Обратив вопросительный правый глаз к вошедшему, другой, с приподнятой бровью, веселый, он еще устремлял на занятого варкой кофе товарища, произносившего как раз нечто вроде: "В Мантуе ее еще готовят так...".
Да, визит оказался совсем неуместным.
За уходящим вверх окном сиял на редкость солнечный день. Принявший стрельчатую форму золотой поток вливался в комнату, высвечивая ладные фигуры, в которые, благодаря бассейну, еще не внесли приметного изъяна нарождающиеся брюшки. В этих двоих, вызывая приятную зависть, все дышало молодым и уверенным счастьем. Радостно блестели разноцветные скрепки в чисто отмытой пепельнице-блюде на голове у обнаженного бронзового юноши. Изысканным пятном светился на кресле дивного кроя пиджак из необыкновенной ткани, весь словно осыпанный серебристой пыльцой. А на груди у стриженого вспыхнула попавшая при случайном движении в солнечную струйку и не успела погаснуть золотая литера на синей полоске галстука. Из множества живописных мелочей складывалась столь завершенная картина, что ее немыслимо было нарушить.

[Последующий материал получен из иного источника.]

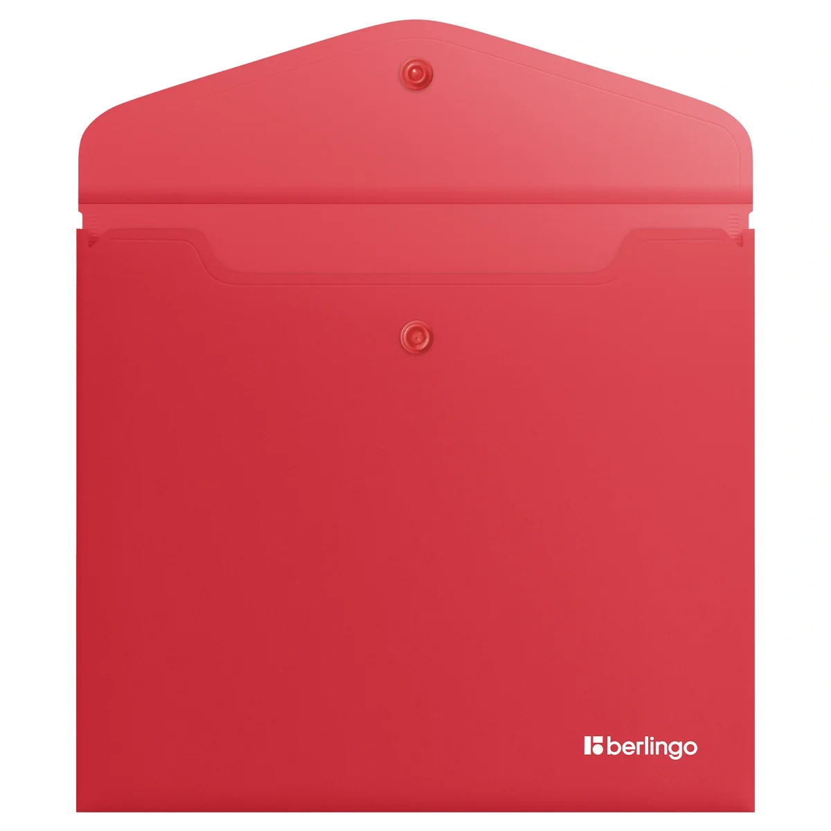 Пластиковая папка-конверт на кнопке Berlingo 'Soft Touch' формата А5+. Уникальная матовая бархатистая софт-тач поверхность. Яркий коралловый цвет в сочетании с кнопкой в цвет поверхности и белым логотипом. Надежная застежка-кнопка. Быстрый доступ к документам. Изготовлена из высококачественного полипропилена. Предназначена для хранения документов. Толщина 200 мкм. Вмещает до 100 листов. Упаковка в прозрачный пакет по форме на 12 шт. Индивидуальный штрих-код на каждой папке-конверте на съемном стикере с информацией.

И приготовленный вопрос сам собой, как усыпленный эфиром мотылек, угас на губах вошедшего было посетителя.
Который год он стоит, оправленный в дубовую дверную раму, левой рукой держась за бронзовую шишечку, с белым листком анкеты в коричневых от кислоты и курева пальцах правой.
У чугунного подъезда сверкает, ожидая седока, темно-зеленый пучеглазый автомобильчик.
А внутри особняка, в озаренной золотым эфиром комнате, зависла над столом загорелая размашистая рука, сжимающая нож с мельхиоровой ручкой. Остывает на доске спаржа, замерли, обернувшись навстречу друг дружке, раскосивший глаза стриженый крепыш и тот, в пенсне, успевая лишь иногда отлучиться в особенно заманчивую командировку. Пахнет кофе, сияет лунной пылью чудесный пиджак, и не гаснет золотая литера в галстуке.
А может, это и не они уже, а их дети...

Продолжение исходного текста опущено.